By contrast, we would be leaning more in favour of his section 15 rather than the Minister’s head 22, which is about the list of requirements in relation to the appointment of judges. The Minister’s list is extremely thin and Deputy O’Callaghan’s has much greater weight and is far better in that regard. We would tend to err in that direction, without repeating any points.
On head 32, Deputy O’Callaghan’s section 23 on senior appointments is better as well. It is more sensible than the Minister’s suggestion, which relates to the appointment of the Chief Justice, President of the Court of Appeal and the President of the High Court.
Deputy O’Callaghan’s Bill empowers the commission to make a recommendation to Government for such senior appointments based on merit, a similar principle to all other judicial appointments.
As Deputy O’Brien said, we need to hear more about the constitutional issues. I agree with Deputy O’Callaghan about ranking. The candidates should be ranked. It will be up to the Government to pick one but given that the commission will be appointed to give its view on who the best person is for the job then the candidates should be ranked.
The power is vested in the Government because we are told it is required constitutionally and that the Government cannot be constrained in the manner in which is suggested throughout. I question some of what has been said and I would like to hear more in that regard.
We have a number of detailed points on the various heads but they are probably too detailed for the present discussion. They probably touch off the broad points to which we would refer in this regard. We are open in our approach. I agree with what Deputy O’Brien said about whether there should be nominating groups for lay people or a role for the Public Appointments Service or if we should have some middle ground in that regard. It would be important to get agreement but we are very happy with the overall balance and having a lay chair. We think that things could be progressed.

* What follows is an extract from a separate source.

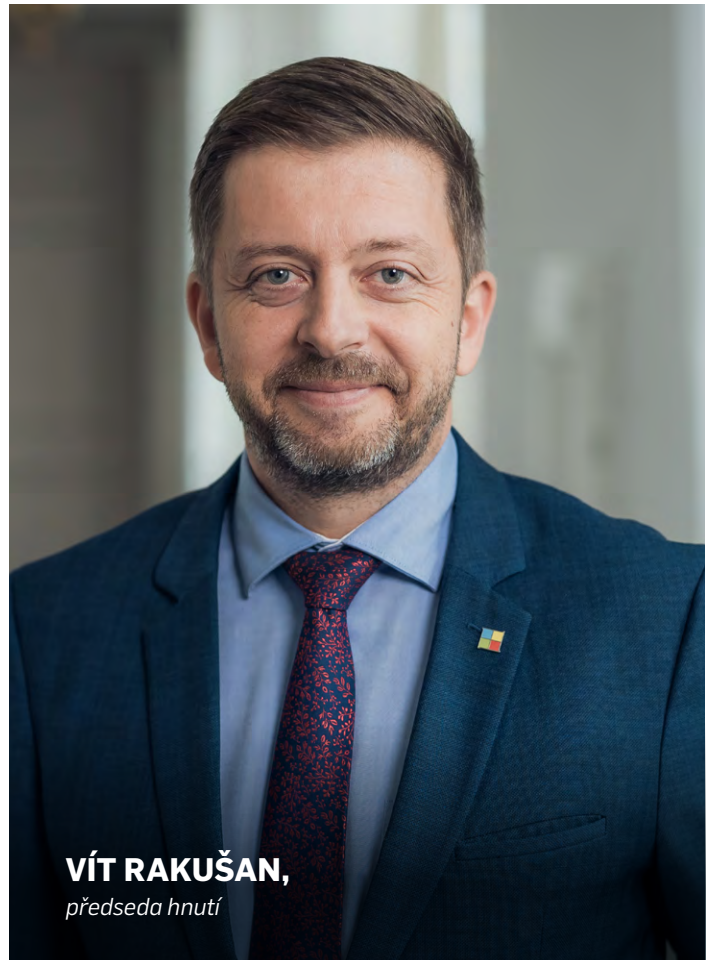
VÍT RAKUŠAN, předseda hnutí

Veřejné finance: s válkou souvisejí víc, než by se zdálo. Naše vláda nastoupila s tím, že chce rozvrácený státní rozpočet dát do pořádku. Úkol stejně nepopulární jako nezbytný. Válka a s ní související energetická krize a inflace nám do začátku nadělily roční zpoždění – v zájmu udržení základní společenské

The Minister referred to the judicial council Bill and that element of the work. It is at least as important if not more important for us to address those issues. There was some talk that the Bill would be fast-tracked and done in tandem with this Bill. That is necessary.
Part of the project is to engender confidence in the judicial process. Not only have serious issues been highlighted about judicial indiscretion or the irrationality of judges in relation to cases involving me or others but it is almost a daily occurrence that members of the public find things difficult, in particular at District Court level, and do not have a mechanism to call into question poor practice by the Judiciary.
It is about justice being seen to be done. Only last week Deputy Wallace and I met a serving member of An Garda Síochána who told us that in a family law case a judge had intervened with his partner’s family and discussed the case with a family friend outside the norms of the court and gave the person a protection order against the individual.
It was a complete perversion of the course of justice that a judge would informally deal with a family law case in such a way and give an order. That judge is still serving. There are many such issues and there is an urgent requirement to address them.